Background: Alcohol use motives are closely associated with specific profiles of alcohol use and reflect a subjectively derived decisional framework based on a motivational style of responding. Adult twin studies typically estimate the heritability of alcohol use motives to be between 7 and 42%, although relatively little is known about genetic and environmental influences upon alcohol use motives in adolescence.
Methods: Latent class analysis (LCA) models containing 1 through 5 classes were fitted to the data derived from 1,422 adolescent twin and siblings self-reported alcohol use motives. Using twin models, we estimated the genetic, shared, and nonshared environmental influences to the class membership data derived from the LCA.

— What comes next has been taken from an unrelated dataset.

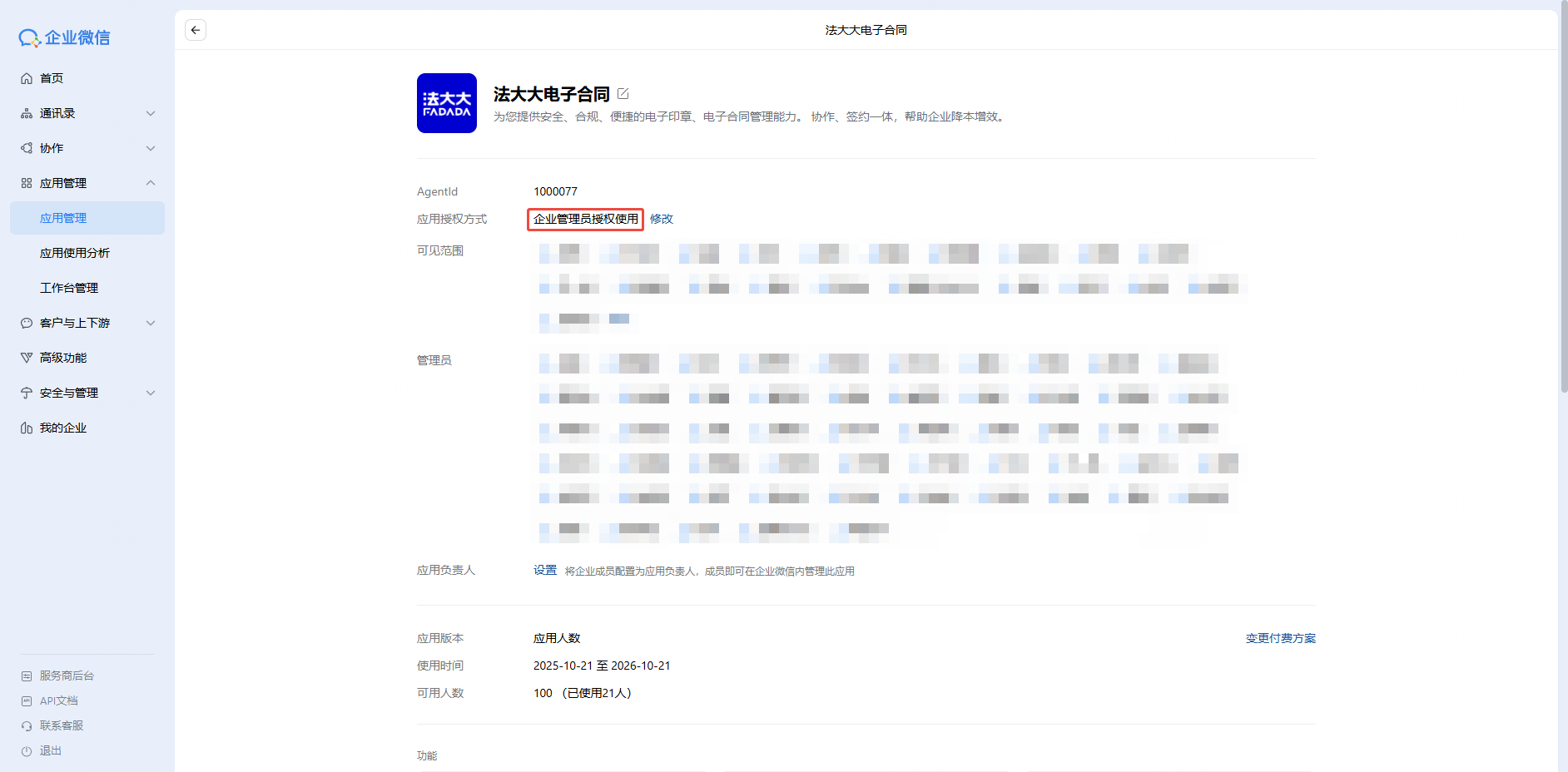 注:应用授权方式需确保选择:【企业管理员授权使用】

Results: Four drinking motives classes were identified (family-oriented, social, enhancement/social, and coping/social). The coping/social and enhancement/social classes were differentiated from the social class on measures of depression, delinquency, and aggressive behavior. Analyses indicated that nonadditive genetic factors accounted for 76% of the variance in the coping/social motives class and additive genetic influences accounted for 66% of the variance in the social motives class. There was a moderate contribution of genetic factors and shared environmental factors influencing class membership of enhancement/social motivated drinkers (28 and 20% explained variance, respectively). Substantial shared environmental influences were revealed for membership of the family-oriented class (75%).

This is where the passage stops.